-- DATA TO EXAMINE --
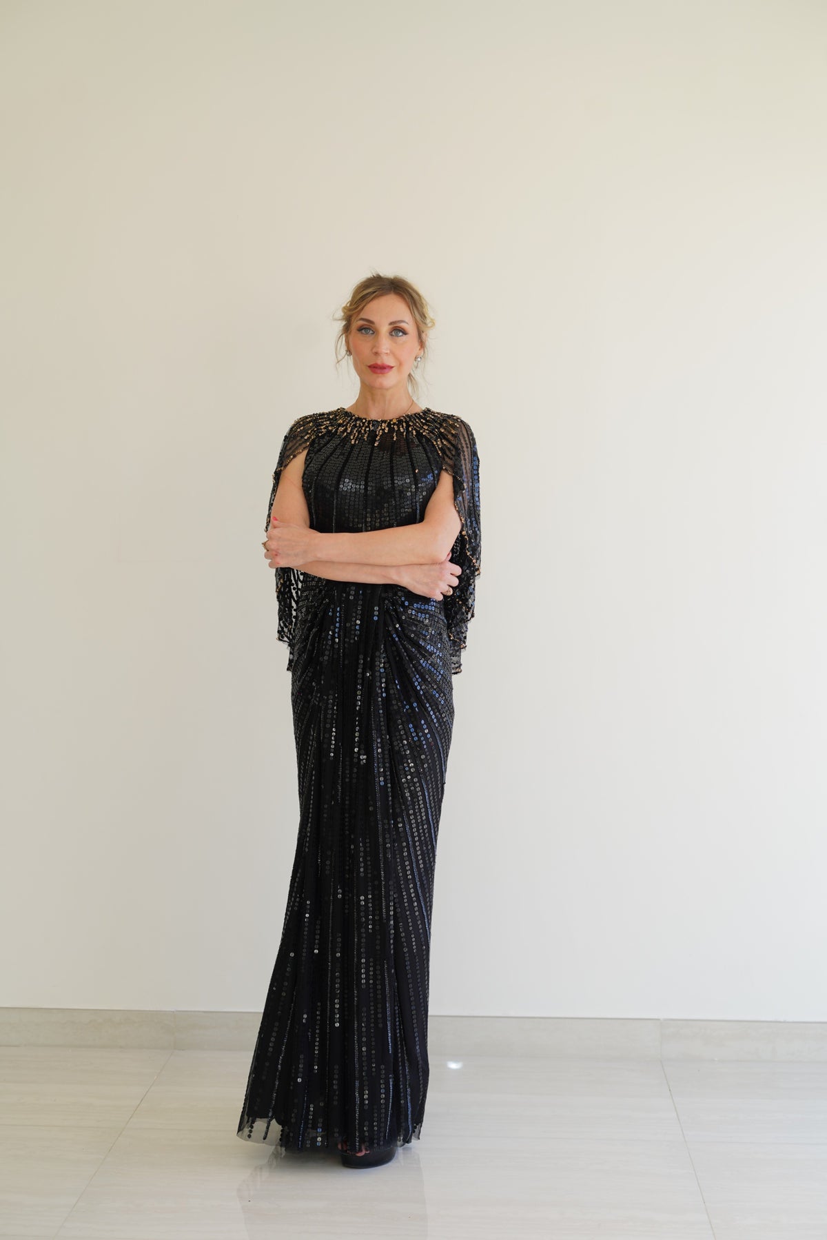 The straight-fall skirt features gentle pleating, offering both comfort and architectural structure. Rich embroidery, mirror-like sequins, and micro-beading form intricate geometric patterns across the fabric, catching the light with every movement and whispering luxury in every detail. The embellishment doesn’t merely decorate — it defines, telling a story of meticulous craftsmanship and modern sophistication.
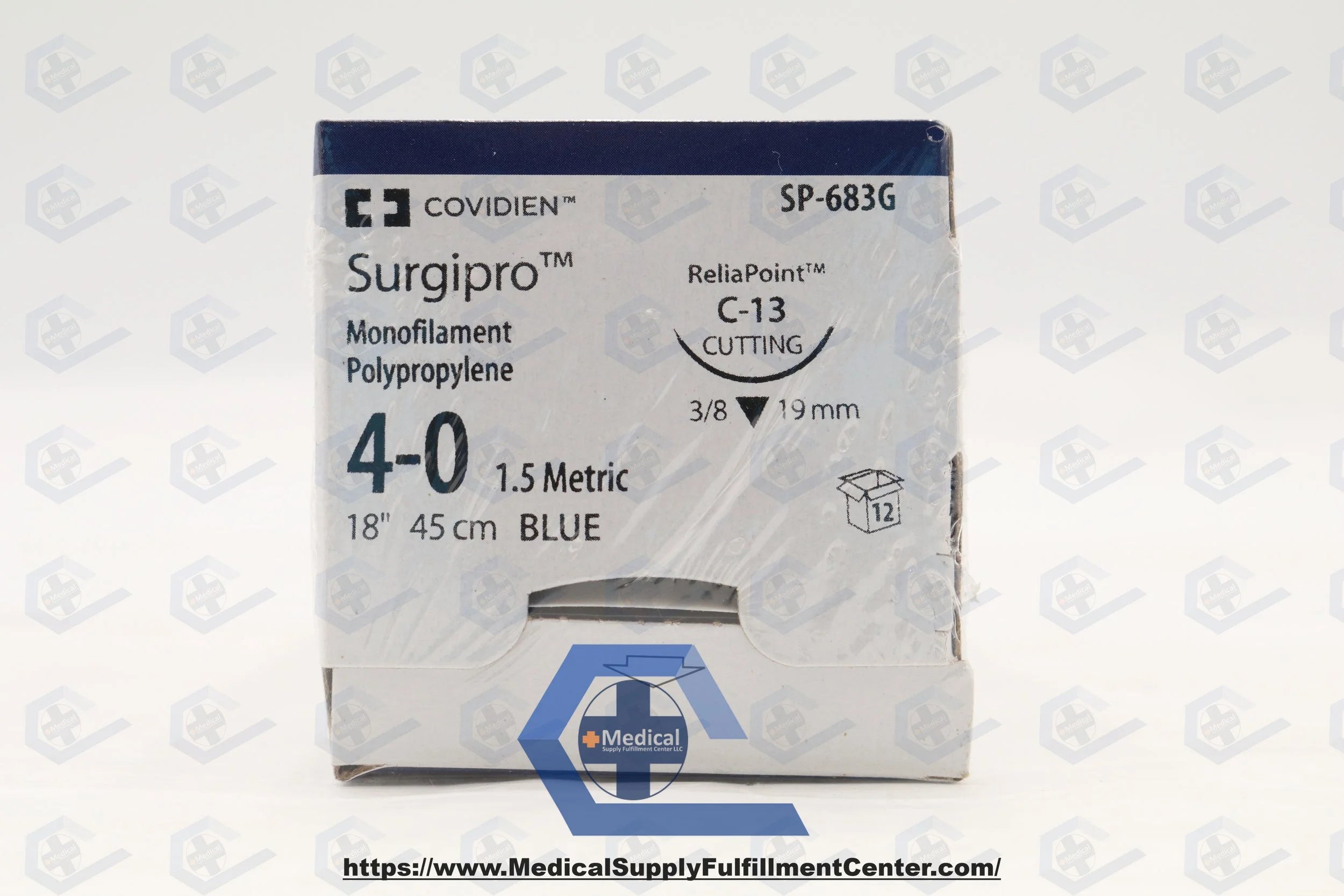 COVIDIEN | SP-683G | IN-DATE | BOX OF 12 | Suture, Size 4-0, 18 in. Length, Blue, Polypropylene, Monofilament, 3/8 Circle, 19 mm Needle Length, C-13 Needle, Reverse Cutting Needle Point
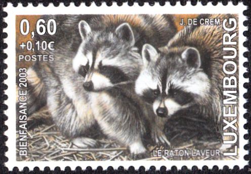 Auf dieser Marke aus Luxemburg aus dem Jahre 2003 (MiNr 1623) sehen wir zwei Waschbären (Procyon lotor).
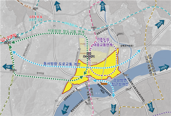 철도역(상봉 망우 장자호수공원) 연결 대중교통망 구축, 광역도로(강변북로, 세종포천고속도로) 연계 강화
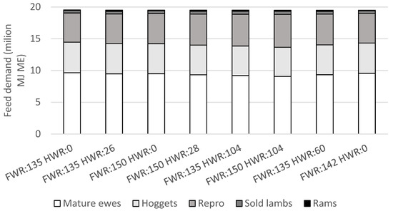 Annual feed demand (metabolisable energy) of mature ewes (2 to 6 years old), hoggets (1 year old ewes), reproduction (gestation and lactation of all lambs), sold lambs prior to leaving the farm, and rams, for scenarios with combinations of varying weaning rates (lambs weaned per ewe which was presented for breeding) of mature ewes (FWR) and hoggets (HWR).
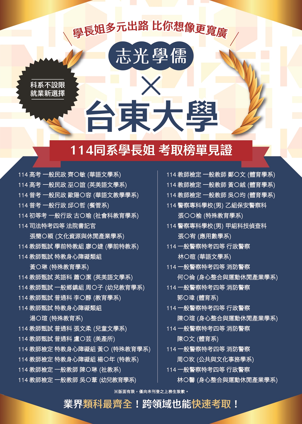 台東志光專辦各類公職補習班國考專家,您是在校生或應屆畢業生嗎?不管您在全國的各大專院校就讀,畢業後後不知道自己以後要做什麼?怕畢業後,為自己所學去找工作,結果工作不如預期!不要煩惱,公職之路是您的最佳選擇,想在鄉公所及公家機關或台東縣政府工作,快來台東志光讓我們告訴您,我們提供多種課程規劃,包含年度班、高分班、二年班、公職超強班、考取班的雙效學習,讓您在學習期間提早準備,贏在起跑點!持各大專院校學生證的同學【皆享有優惠方案,學費最高再折8000元】機會難得不容錯過!速洽台東志光089-343125
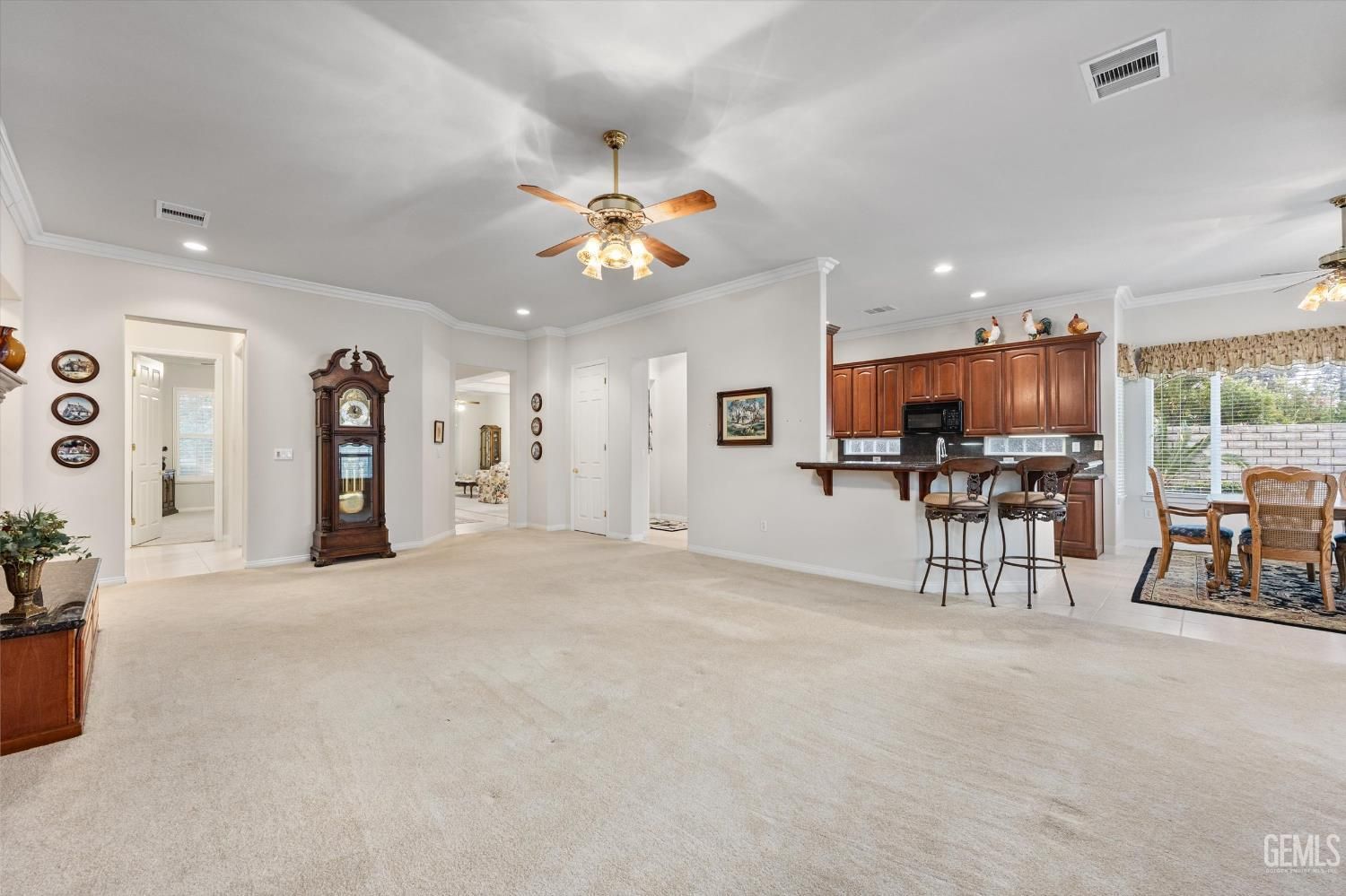 Situated in the highly sought after Seven Oaks Greens 55+ community, this exceptional 2,589 sq ft single level home offers 2 bedrooms, 2 bathrooms, and two spacious living areas designed for comfortable daily living and entertaining.The oversized primary suite features dual walk in closets and a spa like bath. A bright family room with fireplace flows seamlessly into the well appointed kitchen with center island, creating an ideal gathering space. A dedicated private office adds flexibility for work or hobbies.Additional highlights include indoor laundry, a three car garage, and an 8,712 sq ft lot. Enjoy resort style amenities including two clubhouses, pools & spa, fitness center, putting green, BBQ areas, walking paths, and a vibrant social calendar. Conveniently located near shopping, dining, and medical facilities, this home offers luxury living in one of Bakersfield's premier active adult communities.
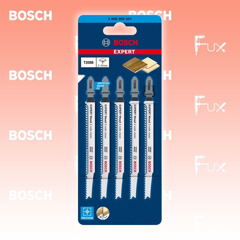 Zu "Wood 2-side clean Stichsägeblätter " von Bosch Professional Bosch Expert Wood 2-side clean Bestell- und Artikelnummer: 2608900551 Oben wie unten sehr sauberer Abschluss Hochpräzises, ausrissfreies Schneiden von Holz Extrascharfe Zähne durch Präzisionsschliff Schneideart gerade geeignet für: Massivholz-Möbelplatte Sperrholz Weichholz Technische Daten Type T 308 B Gesamtlänge 117 mm Standard-Ausrüstung Verkaufseinheit 10 x 5 Stk. Listenpreis CHF 148.60 Fuxpreis CHF 119.00 inklusive 8.1% MwSt Versand CHF 15.00 Kein Grauimport! Produkt bestellen Verkaufseinheit 10 x 5 Stk. 1 Stück 2 Stück 3 Stück 4 Stück 5 Stück 6 Stück 7 Stück 8 Stück 9 Stück 10 Stück 11 Stück 12 Stück 13 Stück 14 Stück 15 Stück 16 Stück 17 Stück 18 Stück 19 Stück 20 Stück 21 Stück 22 Stück 23 Stück 24 Stück 25 Stück 26 Stück 27 Stück 28 Stück 29 Stück 30 Stück 31 Stück 32 Stück 33 Stück 34 Stück 35 Stück 36 Stück 37 Stück 38 Stück 39 Stück 40 Stück 41 Stück 42 Stück 43 Stück 44 Stück 45 Stück 46 Stück 47 Stück 48 Stück 49 Stück 50 Stück Alle Angaben ohne Gewähr und solange Vorrat reicht! Produkt als PDF 20%
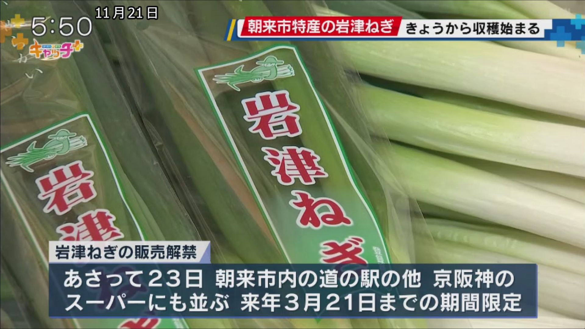 「岩津ねぎ」の販売解禁は23日で、朝来市内の道の駅のほか、京阪神のスーパーなどにも並びます。 販売は2024年3月21日までの期間限定となっています。
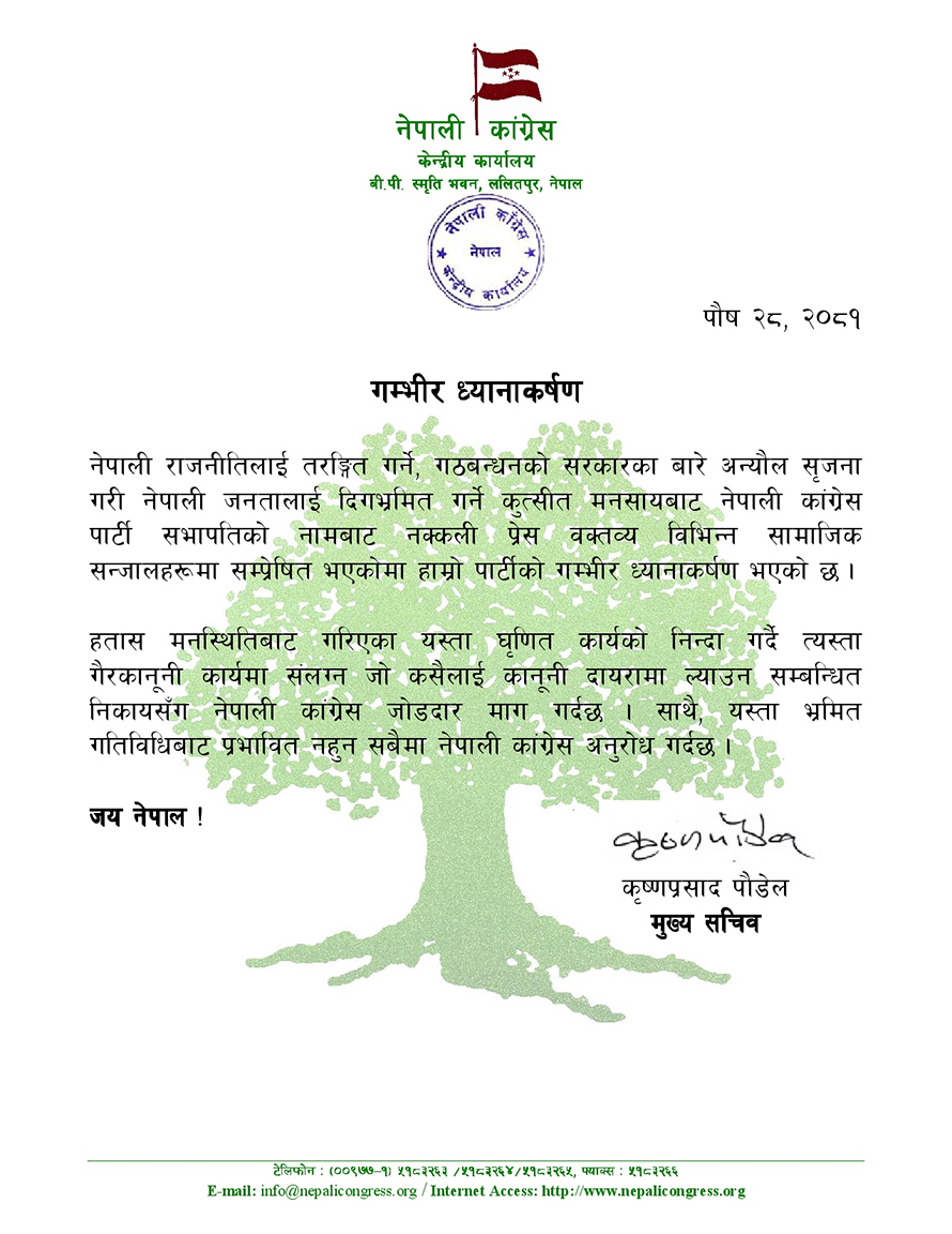 पार्टी मुख्‍यालयका मुख्‍य सचिव कृष्णप्रसाद पौडेलले आइतबार एक विज्ञप्ति जारी गर्दै पार्टीको सभापति देउवाको नामबाट जारी भएको भनिएको विज्ञप्ति नक्कली भएको उल्लेख गर्दै गम्भीर ध्यानाकर्षण भएको जनाएका हुन् ।
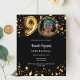 Une invitation photo moderne et élégante pour une fête d'anniversaire de 90 ans. Un fond noir classique, orné d'étoiles dorées. Personnalisez et ajoutez les détails de votre fête.
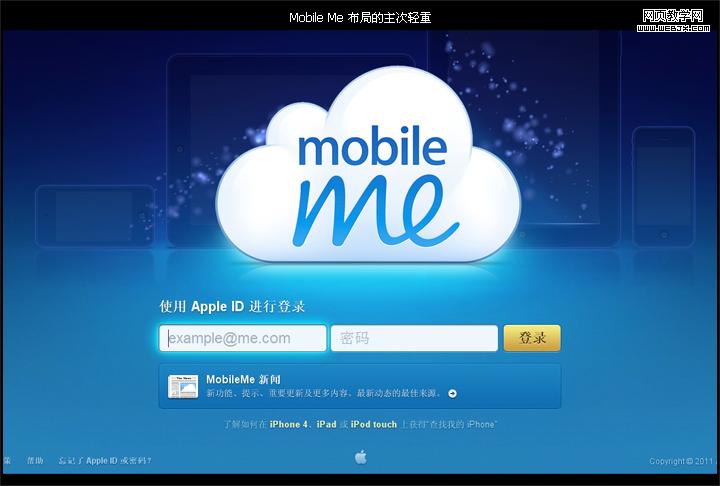 信息的主次轻重,可以通过比例、颜色、声音等来对比呈现,以保证用户不会被杂乱无章的信息分散了注意力。例如苹果MobileMe的大器设计,巨大的icon占据了大半个屏幕、制造最强的品牌感染同时明确用户身处何方,登录框、产品介绍链接按钮占其次,登录方式说明、相关页面链接最弱,主次关系随着用户来到页面→最常用操作(登录与查看功能)→获取补充信息的顺序递减。
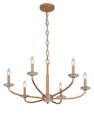 6 Light Chandelier in Ashen Gold with Hammered Arms and Canopy and Clear Faceted Crystal Accent Bobeche

-- PROBLEM STATEMENT --
Reproduce the whole listing above character for character; pictures do not belong in it.

-- RESULT FOR THIS EXERCISE --
 The straight-fall skirt features gentle pleating, offering both comfort and architectural structure. Rich embroidery, mirror-like sequins, and micro-beading form intricate geometric patterns across the fabric, catching the light with every movement and whispering luxury in every detail. The embellishment doesn’t merely decorate — it defines, telling a story of meticulous craftsmanship and modern sophistication.
 COVIDIEN | SP-683G | IN-DATE | BOX OF 12 | Suture, Size 4-0, 18 in. Length, Blue, Polypropylene, Monofilament, 3/8 Circle, 19 mm Needle Length, C-13 Needle, Reverse Cutting Needle Point
 Auf dieser Marke aus Luxemburg aus dem Jahre 2003 (MiNr 1623) sehen wir zwei Waschbären (Procyon lotor).
 철도역(상봉 망우 장자호수공원) 연결 대중교통망 구축, 광역도로(강변북로, 세종포천고속도로) 연계 강화
 Annual feed demand (metabolisable energy) of mature ewes (2 to 6 years old), hoggets (1 year old ewes), reproduction (gestation and lactation of all lambs), sold lambs prior to leaving the farm, and rams, for scenarios with combinations of varying weaning rates (lambs weaned per ewe which was presented for breeding) of mature ewes (FWR) and hoggets (HWR).
 台東志光專辦各類公職補習班國考專家,您是在校生或應屆畢業生嗎?不管您在全國的各大專院校就讀,畢業後後不知道自己以後要做什麼?怕畢業後,為自己所學去找工作,結果工作不如預期!不要煩惱,公職之路是您的最佳選擇,想在鄉公所及公家機關或台東縣政府工作,快來台東志光讓我們告訴您,我們提供多種課程規劃,包含年度班、高分班、二年班、公職超強班、考取班的雙效學習,讓您在學習期間提早準備,贏在起跑點!持各大專院校學生證的同學【皆享有優惠方案,學費最高再折8000元】機會難得不容錯過!速洽台東志光089-343125
 Situated in the highly sought after Seven Oaks Greens 55+ community, this exceptional 2,589 sq ft single level home offers 2 bedrooms, 2 bathrooms, and two spacious living areas designed for comfortable daily living and entertaining.The oversized primary suite features dual walk in closets and a spa like bath. A bright family room with fireplace flows seamlessly into the well appointed kitchen with center island, creating an ideal gathering space. A dedicated private office adds flexibility for work or hobbies.Additional highlights include indoor laundry, a three car garage, and an 8,712 sq ft lot. Enjoy resort style amenities including two clubhouses, pools & spa, fitness center, putting green, BBQ areas, walking paths, and a vibrant social calendar. Conveniently located near shopping, dining, and medical facilities, this home offers luxury living in one of Bakersfield's premier active adult communities.
 Zu "Wood 2-side clean Stichsägeblätter " von Bosch Professional Bosch Expert Wood 2-side clean Bestell- und Artikelnummer: 2608900551 Oben wie unten sehr sauberer Abschluss Hochpräzises, ausrissfreies Schneiden von Holz Extrascharfe Zähne durch Präzisionsschliff Schneideart gerade geeignet für: Massivholz-Möbelplatte Sperrholz Weichholz Technische Daten Type T 308 B Gesamtlänge 117 mm Standard-Ausrüstung Verkaufseinheit 10 x 5 Stk. Listenpreis CHF 148.60 Fuxpreis CHF 119.00 inklusive 8.1% MwSt Versand CHF 15.00 Kein Grauimport! Produkt bestellen Verkaufseinheit 10 x 5 Stk. 1 Stück 2 Stück 3 Stück 4 Stück 5 Stück 6 Stück 7 Stück 8 Stück 9 Stück 10 Stück 11 Stück 12 Stück 13 Stück 14 Stück 15 Stück 16 Stück 17 Stück 18 Stück 19 Stück 20 Stück 21 Stück 22 Stück 23 Stück 24 Stück 25 Stück 26 Stück 27 Stück 28 Stück 29 Stück 30 Stück 31 Stück 32 Stück 33 Stück 34 Stück 35 Stück 36 Stück 37 Stück 38 Stück 39 Stück 40 Stück 41 Stück 42 Stück 43 Stück 44 Stück 45 Stück 46 Stück 47 Stück 48 Stück 49 Stück 50 Stück Alle Angaben ohne Gewähr und solange Vorrat reicht! Produkt als PDF 20%
 「岩津ねぎ」の販売解禁は23日で、朝来市内の道の駅のほか、京阪神のスーパーなどにも並びます。 販売は2024年3月21日までの期間限定となっています。
 पार्टी मुख्‍यालयका मुख्‍य सचिव कृष्णप्रसाद पौडेलले आइतबार एक विज्ञप्ति जारी गर्दै पार्टीको सभापति देउवाको नामबाट जारी भएको भनिएको विज्ञप्ति नक्कली भएको उल्लेख गर्दै गम्भीर ध्यानाकर्षण भएको जनाएका हुन् ।
 Une invitation photo moderne et élégante pour une fête d'anniversaire de 90 ans. Un fond noir classique, orné d'étoiles dorées. Personnalisez et ajoutez les détails de votre fête.
 信息的主次轻重,可以通过比例、颜色、声音等来对比呈现,以保证用户不会被杂乱无章的信息分散了注意力。例如苹果MobileMe的大器设计,巨大的icon占据了大半个屏幕、制造最强的品牌感染同时明确用户身处何方,登录框、产品介绍链接按钮占其次,登录方式说明、相关页面链接最弱,主次关系随着用户来到页面→最常用操作(登录与查看功能)→获取补充信息的顺序递减。
 6 Light Chandelier in Ashen Gold with Hammered Arms and Canopy and Clear Faceted Crystal Accent Bobeche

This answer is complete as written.